The Georgia case is a lawsuit that has stood up and the judge has already agreed the plaintiffs have shown discrepancies exist in the counts. Here’s the rough outline:
It started when several election workers in Fulton county Georgia noted large batches of mail-in ballots without folds on non-standard paper. They signed affidavits to that effect.
A voter integrity group filed a lawsuit asking to see the ballots, as allowed by the Georgia constitution and law.
After weeks of litigation, the judge ordered the county to release a copy of the low-res scanned images of the ballots to the plaintiffs.
After examining the images the plaintiffs reported to the Judge that the count of ballots did not match the count the county officially reported. There were other anomalies such as obvious duplicates.
The judge then agreed to allow the plaintiffs access to the actual ballots so they could be examined directly and scanned at high resolution, but with the restriction that only county employees could handle the ballots and run them through the scanners. Plaintiffs were also to pay county expenses. The plaintiffs’ forensic experts, a special master assigned by the judge, and a few other state and county officials would be there to over-see the forensic analysis. The main objective is to determine the source of the discrepancies as well as any other evidence of fraud.

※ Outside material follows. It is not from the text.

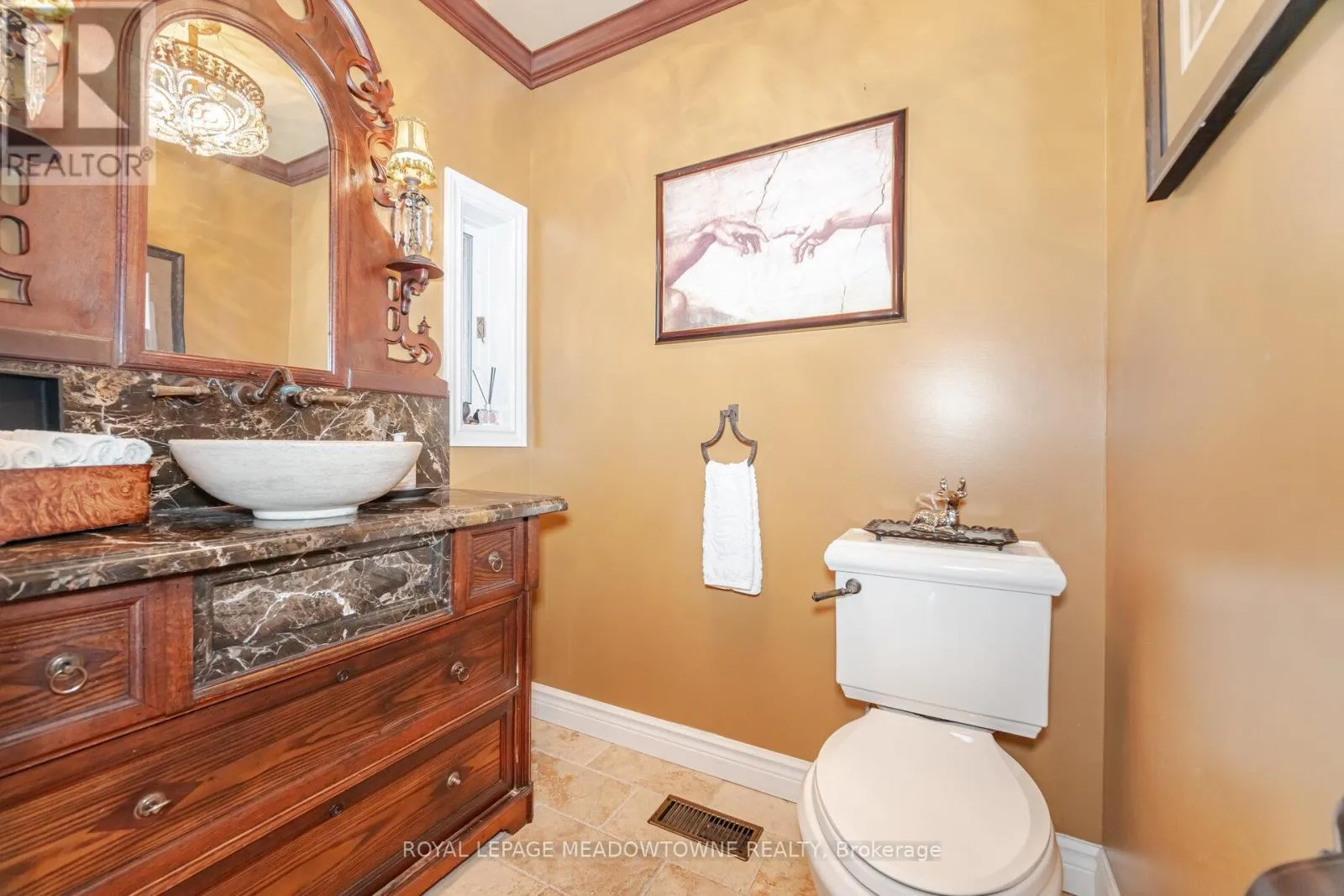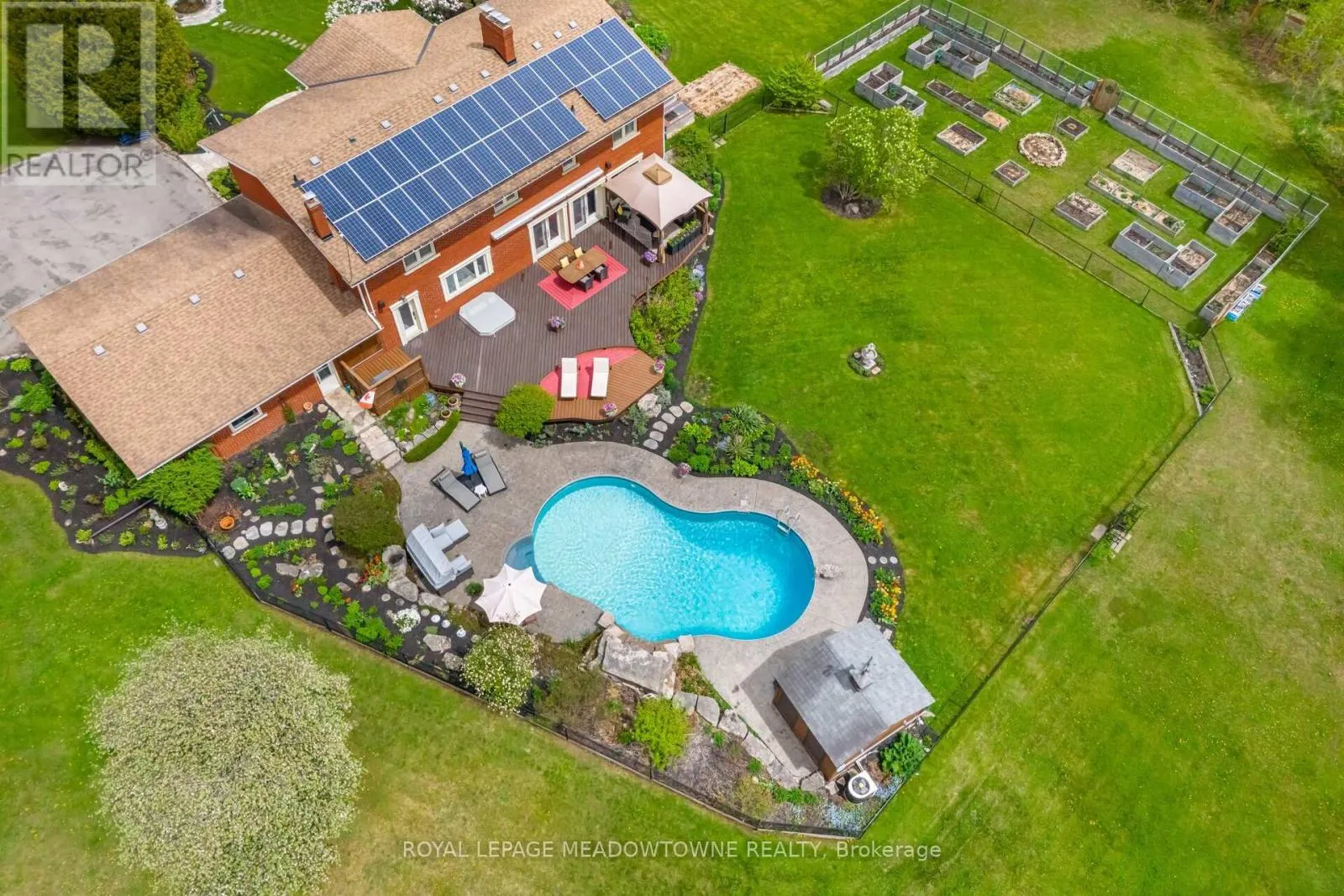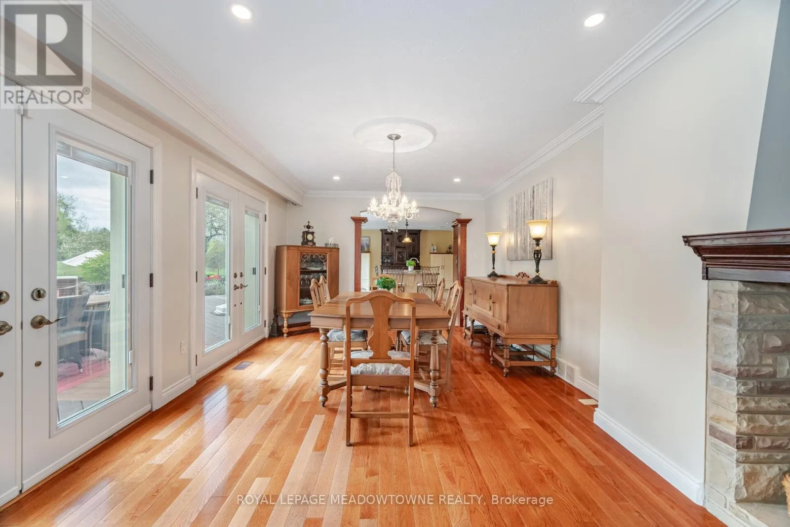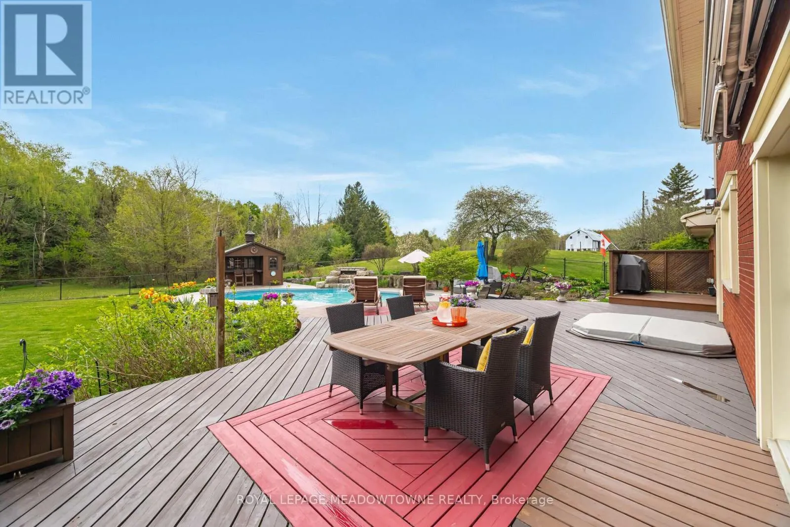 Cross Streets: 15th Sdrd And Regional Rd 25. ** Directions: RR 25 Btwn 15 Sdrd & 17 Sdrd. 19+ ACRES-Elegant Georgian-Style Estate with Luxury & Privacy Set well back from the road, this captivating 3+1 bed (can easily convert a 4th bed upstairs), 4bath Georgianstyle home rests on an expansive & private19+ acres, offering serene country living just minutes from city amenities. Meticulously updated & maintained, this home seamlessly blends timeless architectural elegance wmodern luxury. Upon entering, a grand foyer leads into spacious, sun-filled rooms enhanced by rich hardwood flooring, refined crown moulding, & sweeping views across the property. The great room, anchored by a wood-burning fireplace & expansive bay window, offers both warmth & character. Culinary enthusiasts will delight in the chefs kitchen, featuring custom cherry cabinetry, large granite island, built-in high-end appliances, & a window framing views to the pool & gardens. Step outside directly from the kitchen onto the entertaining deck that overlooks a previous gold-award winning saltwater pool by Halton Pools, hot tub, lush perennial gardens, & a 3080 enclosed vegetable garden with raised beds & cold frames. Upstairs, the luxurious primary suite is a private retreat, boasting motorized blinds, dual closets with custom organizers, & spa-like ensuite with freestanding tub, rain shower, & custom walk-in wardrobe. Two further generous bedrooms share a Jack-&-Jill style bath w'separate wet room. The fully finished basement expands the living space, featuring a rec room with fireplace, games room, a 4th bedroom, sauna, 3pc bath, cold room, & copious storage. Extras abound throughout: a pool house w'bar & change room; den with custom built-ins; a second kitchen; dedicated potting/tool rooms; robust 220-amp electrical service; access to woodland trails & Bruce Trail close by & Speyside Creek. This estate delivers on all fronts: Craftsmanship, Prestige, Amenities, Privacy, Natural Beauty, & unforgettable upscale Country setting. Rare. Exceptional. One-of-one. Dont miss the rare opportunity! (id:27476)

Biden won the state by only 11,779 votes and the number of mail-in ballots for Fulton county alone is around 150,000. The plaintiffs claim a ~21% ballot count discrepancy already exists - easily confirmed or refuted. So significant fraud or (charitably) incompetence almost certainly occurred.
Garland has also has a laundry list of violations of Georgia law in Fulton county. One of those is the use of room with rounded walls so all areas could not be seen by the observers. You also have the observers being sent home and then counting continuing.